By clicking “Sign up for GitHub”, you agree to our terms of service and privacy statement. We’ll occasionally send you account related emails.

Already on GitHub? Sign in to your account

Possible bug with cache TTL expiration resulting in redownloading files #1084

Closed
jriddy opened this issue Oct 20, 2020 · 13 comments
Closed

Possible bug with cache TTL expiration resulting in redownloading files #1084

jriddy opened this issue Oct 20, 2020 · 13 comments
Assignees

Comments

@jriddy
Copy link

jriddy commented Oct 20, 2020

Using pex version 2.1.19

The current default cache-ttl of 1 hr (3600 s) is far too short for pants use cases where you end up changing dependencies a lot over a short period of time. This results in frequent unnecessary re-downloading and rebuilding of library wheels/sdists when you're changing dependencies frequently (something that can happen very easily and almost inadvertently with pants' dependency inference). I spent a day or two trying to figure out why it was taking 5 min to build constraints files all the time

This issue is compounded by pants not having a way to control this flag (gonna make an issue over there for that), nor is there any documentation on how to set this value to never expire that I can find.
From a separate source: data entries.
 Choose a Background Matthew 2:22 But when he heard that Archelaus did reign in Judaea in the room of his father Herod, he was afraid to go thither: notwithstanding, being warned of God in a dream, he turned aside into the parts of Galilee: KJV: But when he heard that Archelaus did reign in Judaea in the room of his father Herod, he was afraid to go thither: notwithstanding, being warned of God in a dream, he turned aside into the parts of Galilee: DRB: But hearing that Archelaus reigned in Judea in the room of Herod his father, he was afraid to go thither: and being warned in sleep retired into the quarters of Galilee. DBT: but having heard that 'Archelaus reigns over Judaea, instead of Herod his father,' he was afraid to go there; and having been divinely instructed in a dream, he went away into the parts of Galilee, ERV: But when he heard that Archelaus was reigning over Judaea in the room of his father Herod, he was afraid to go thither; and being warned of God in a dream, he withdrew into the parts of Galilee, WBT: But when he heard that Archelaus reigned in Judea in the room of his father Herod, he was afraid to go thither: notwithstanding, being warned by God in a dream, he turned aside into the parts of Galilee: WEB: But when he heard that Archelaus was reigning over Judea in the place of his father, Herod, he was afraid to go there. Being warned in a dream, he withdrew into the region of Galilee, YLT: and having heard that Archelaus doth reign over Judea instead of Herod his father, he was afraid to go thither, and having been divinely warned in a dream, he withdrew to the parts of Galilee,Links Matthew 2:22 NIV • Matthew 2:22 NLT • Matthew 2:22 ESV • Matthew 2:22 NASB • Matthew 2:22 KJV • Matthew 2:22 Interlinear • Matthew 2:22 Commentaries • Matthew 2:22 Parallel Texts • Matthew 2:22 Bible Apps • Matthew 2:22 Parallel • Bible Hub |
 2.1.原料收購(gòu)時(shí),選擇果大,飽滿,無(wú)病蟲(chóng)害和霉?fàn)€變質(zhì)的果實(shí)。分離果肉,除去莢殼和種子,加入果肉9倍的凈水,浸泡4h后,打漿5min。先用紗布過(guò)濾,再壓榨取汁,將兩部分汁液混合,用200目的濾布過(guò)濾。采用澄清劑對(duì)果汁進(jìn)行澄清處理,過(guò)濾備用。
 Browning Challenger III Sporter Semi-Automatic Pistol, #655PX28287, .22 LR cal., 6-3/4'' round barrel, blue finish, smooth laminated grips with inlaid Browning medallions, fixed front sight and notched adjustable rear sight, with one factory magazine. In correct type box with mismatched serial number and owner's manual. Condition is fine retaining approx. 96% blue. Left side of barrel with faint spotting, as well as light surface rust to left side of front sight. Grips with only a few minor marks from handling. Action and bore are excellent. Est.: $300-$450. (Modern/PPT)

That said, I don't fully understand why TTL caching is even at play here. When you download python packages, you have hashes in the filenames that you can check against what you have in your cache. If the hashes match...there doesn't need to be a download regardless of TTL or cache expiry issues. Perhaps there are other issues at play when it comes to determining which file to download, but once that determination is made, it seems like we could safely let checksums rule the day.

I can provide logs of this and the trouble that it causes if needed.

@jsirois
Copy link
Member

jsirois commented Oct 20, 2020

It probably makes sense to decouple Pants from the Pex defaults here with Pants work to plumb these options.
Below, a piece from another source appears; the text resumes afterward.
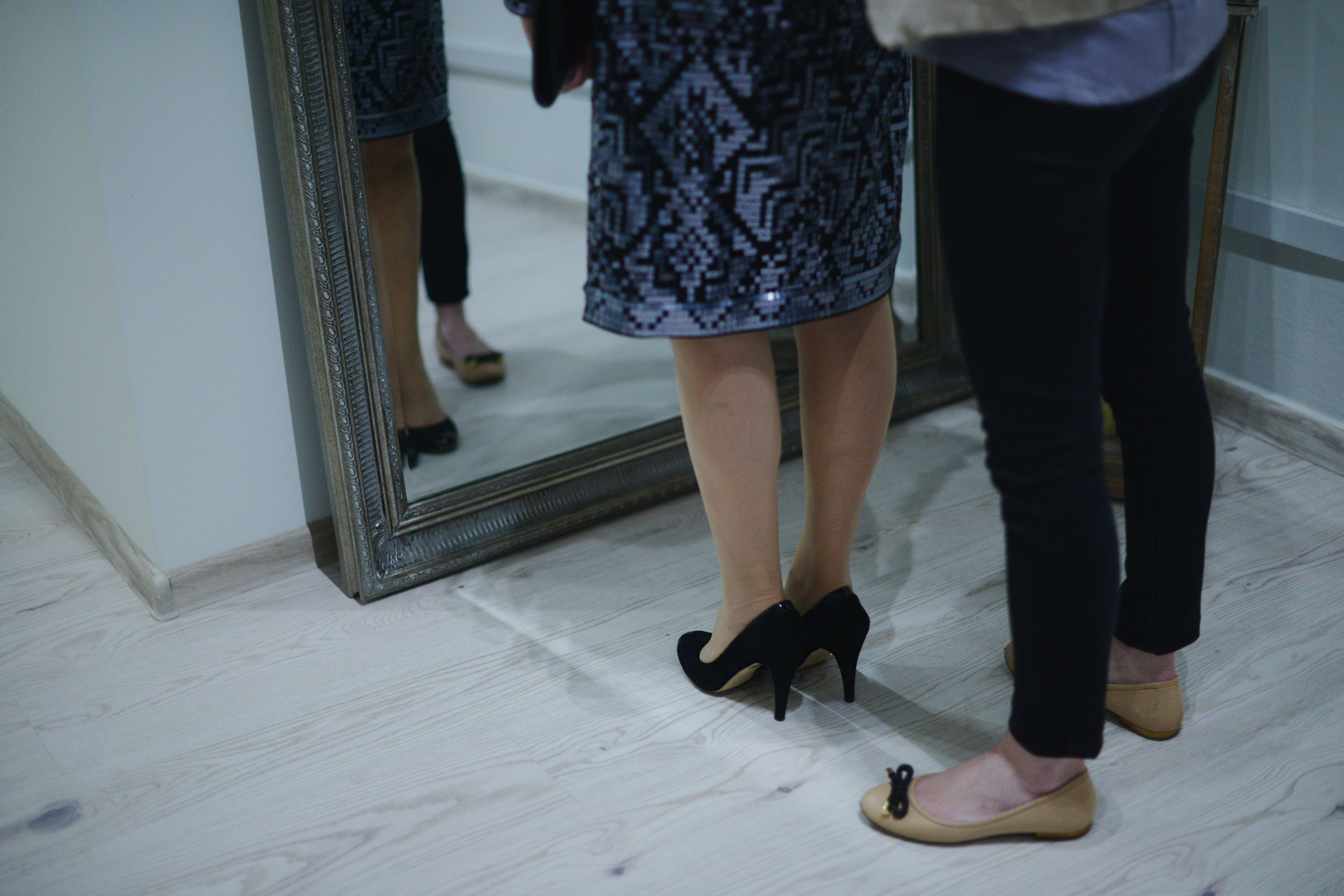 Szpilki z błyszczącymi  noskami, moim zdaniem, nie stworzyły dysonansu z sukienką, ale na bal sylwestrowy lepiej będą pasować w całości czarne.
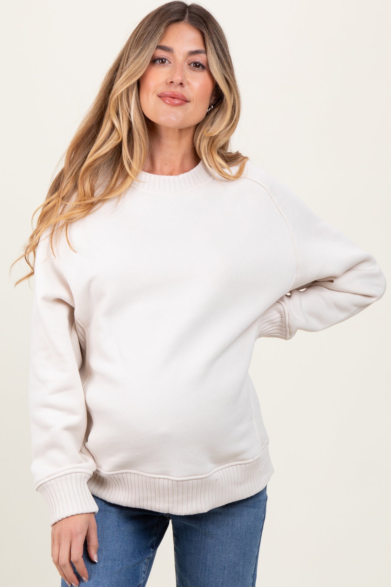 Stay cozy and stylish throughout your pregnancy with our Ivory Pullover Maternity Terry Crewneck. Crafted from soft, breathable terry fabric, this crewneck offers ultimate comfort and warmth. The relaxed fit with ribbed cuffs and hem gently accommodates your growing belly while providing a flattering silhouette. Perfect for casual days or layering, its classic ivory color pairs effortlessly with any outfit. Easy to care for and designed with moms-to-be in mind, this pullover is a must-have staple for maternity wear. Embrace comfort without sacrificing style!

Moving to your hashes / why is TTL in play: unless a requirement is exact, once a TTL expires, the ranged requirement sort of has to be looked up again. I'd be surprised if the new PIp resolver does anything different here compared to the old Pip resolver (which Pex currently uses).

@jriddy
Copy link
Author

jriddy commented Oct 20, 2020

Thanks for the quick feedback

why is TTL in play

I can see why it is in play for to check for new requirements, but if that check results in a found link to a file we've already downloaded, why does it have to download it again? But come to think of it, I think pip shares this behavior, with perhaps a more reasonable default.
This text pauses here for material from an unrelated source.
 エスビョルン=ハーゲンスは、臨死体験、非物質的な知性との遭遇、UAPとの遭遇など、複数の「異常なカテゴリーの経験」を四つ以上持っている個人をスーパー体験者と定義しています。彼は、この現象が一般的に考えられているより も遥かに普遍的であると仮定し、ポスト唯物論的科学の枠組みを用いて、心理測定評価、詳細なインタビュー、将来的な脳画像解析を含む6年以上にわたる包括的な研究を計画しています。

the ranged requirement sort of has to be looked up again
I'm using pinned requirements in a constraints file. I don't really want a resolution, I want the dependencies i've specified and already resolved previously (although I know pex and internally pip still have to locate files with matching tags and find wheels/sdists etc).

I think what we're really missing here for these use cases is a lock file.

@jsirois
Copy link
Member

jsirois commented Oct 20, 2020

I think what we're really missing here for these use cases is a lock file.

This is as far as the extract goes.